Exercise directions
Find the line below with "가치마을 버스정류장에서 시작하는" and the line with "Dětský kusový koberec". Output exactly those lines and everything between them, leaving out the pictures.

Data
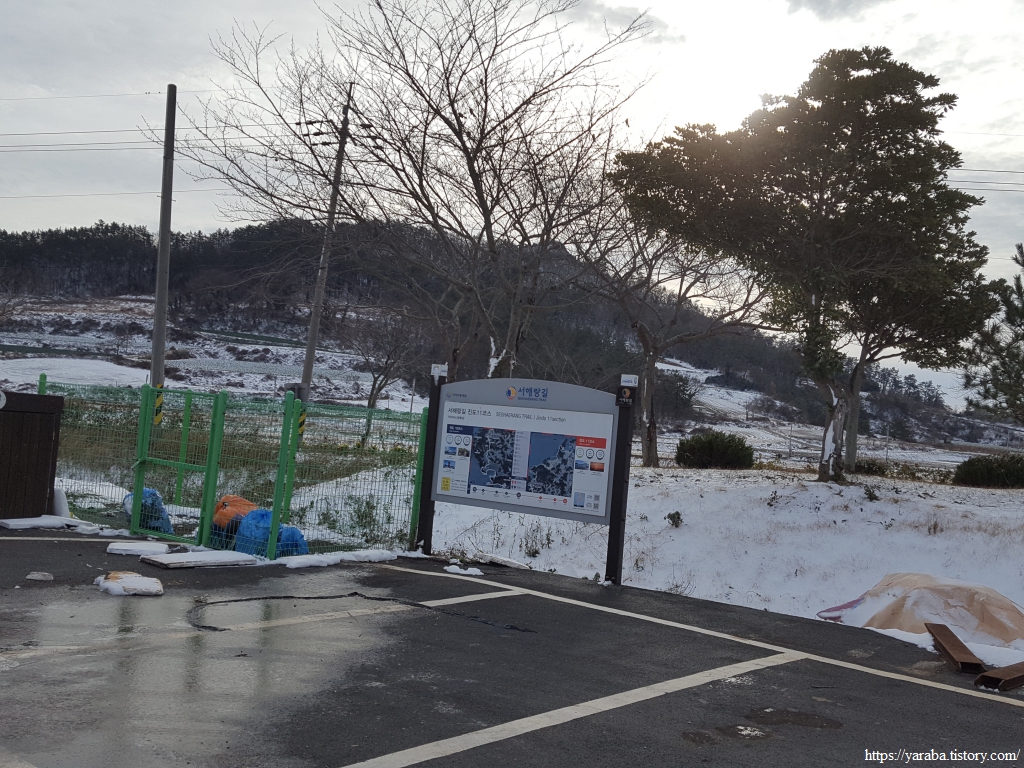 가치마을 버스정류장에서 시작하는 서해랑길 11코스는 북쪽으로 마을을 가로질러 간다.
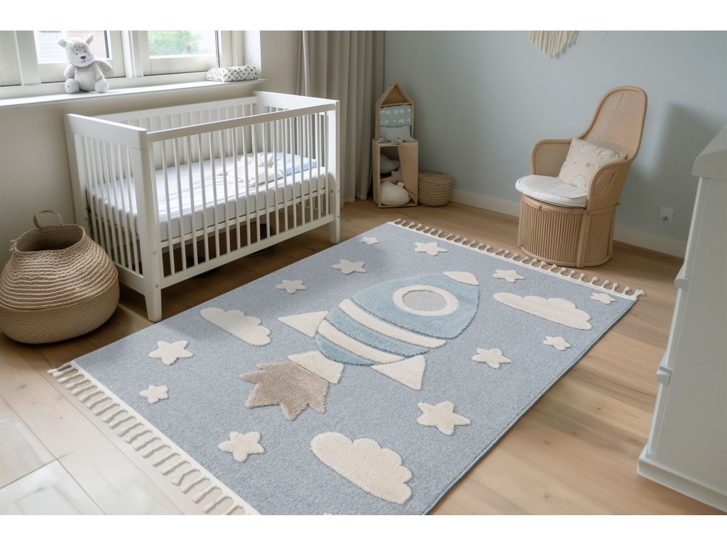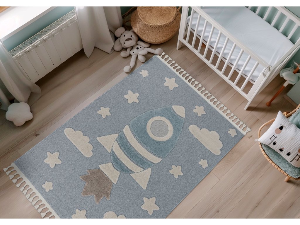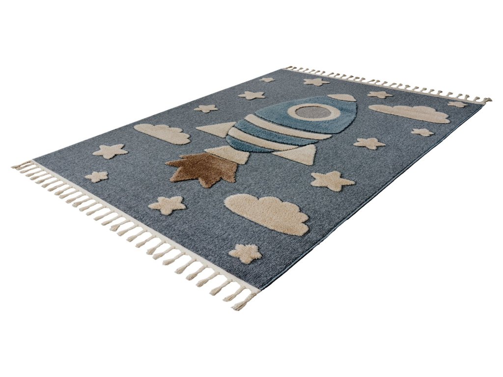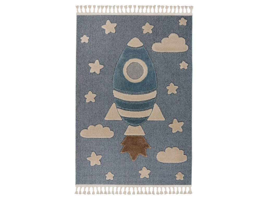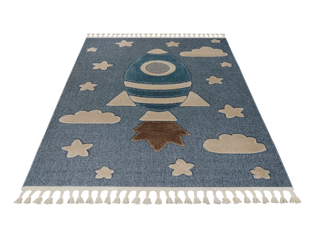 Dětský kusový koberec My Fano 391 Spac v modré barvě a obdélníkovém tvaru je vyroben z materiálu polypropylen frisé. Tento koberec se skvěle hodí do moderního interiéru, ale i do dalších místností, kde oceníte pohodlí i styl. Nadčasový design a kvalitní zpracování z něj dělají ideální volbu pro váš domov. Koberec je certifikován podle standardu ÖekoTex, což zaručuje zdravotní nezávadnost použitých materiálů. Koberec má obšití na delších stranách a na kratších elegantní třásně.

---

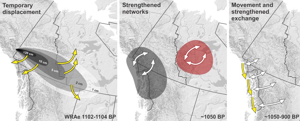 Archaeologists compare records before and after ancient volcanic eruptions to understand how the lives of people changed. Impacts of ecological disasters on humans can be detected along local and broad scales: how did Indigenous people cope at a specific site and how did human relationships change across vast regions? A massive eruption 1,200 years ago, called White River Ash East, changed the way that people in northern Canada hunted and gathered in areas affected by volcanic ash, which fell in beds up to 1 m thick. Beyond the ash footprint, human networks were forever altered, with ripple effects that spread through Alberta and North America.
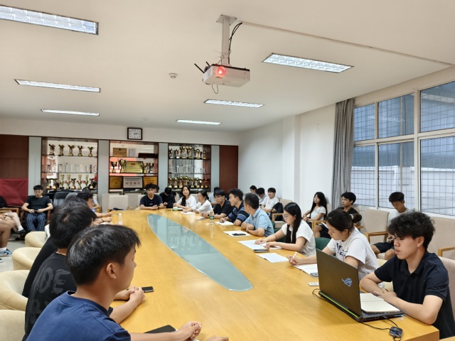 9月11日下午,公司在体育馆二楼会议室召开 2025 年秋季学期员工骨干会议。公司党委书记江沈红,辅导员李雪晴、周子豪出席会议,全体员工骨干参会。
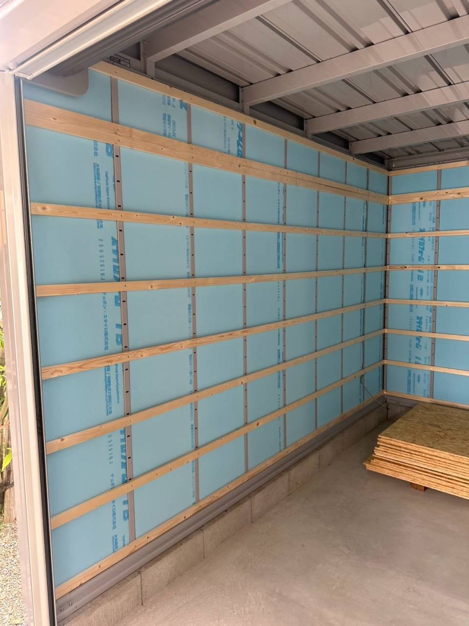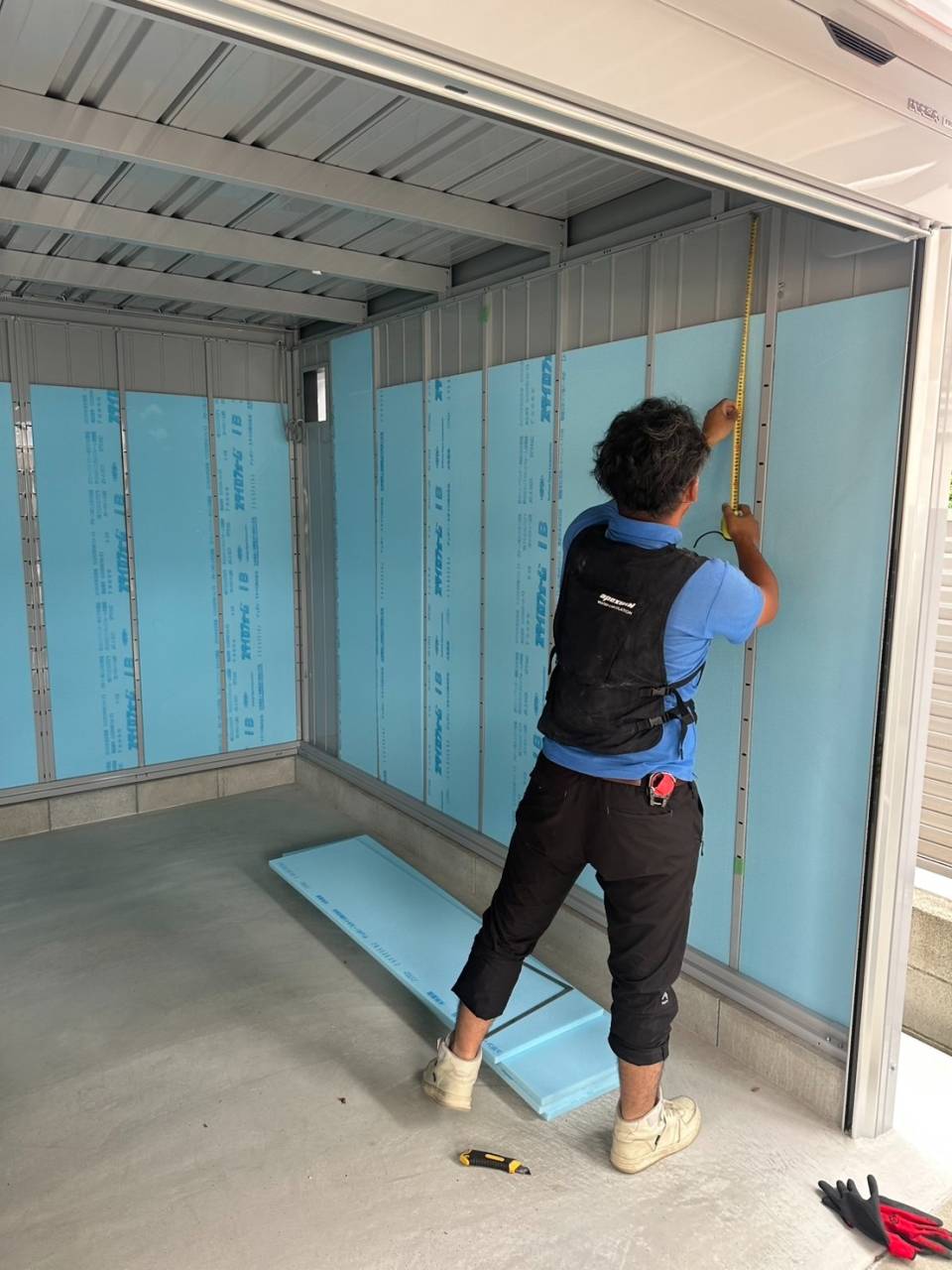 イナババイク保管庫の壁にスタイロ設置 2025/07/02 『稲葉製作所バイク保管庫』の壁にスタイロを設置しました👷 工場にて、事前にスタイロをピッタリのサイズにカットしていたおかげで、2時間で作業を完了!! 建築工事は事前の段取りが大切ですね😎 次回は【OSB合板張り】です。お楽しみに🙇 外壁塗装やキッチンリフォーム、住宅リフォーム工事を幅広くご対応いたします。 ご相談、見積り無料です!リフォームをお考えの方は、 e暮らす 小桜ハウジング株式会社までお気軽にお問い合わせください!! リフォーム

Exercise output
 가치마을 버스정류장에서 시작하는 서해랑길 11코스는 북쪽으로 마을을 가로질러 간다.
 Dětský kusový koberec My Fano 391 Spac v modré barvě a obdélníkovém tvaru je vyroben z materiálu polypropylen frisé. Tento koberec se skvěle hodí do moderního interiéru, ale i do dalších místností, kde oceníte pohodlí i styl. Nadčasový design a kvalitní zpracování z něj dělají ideální volbu pro váš domov. Koberec je certifikován podle standardu ÖekoTex, což zaručuje zdravotní nezávadnost použitých materiálů. Koberec má obšití na delších stranách a na kratších elegantní třásně.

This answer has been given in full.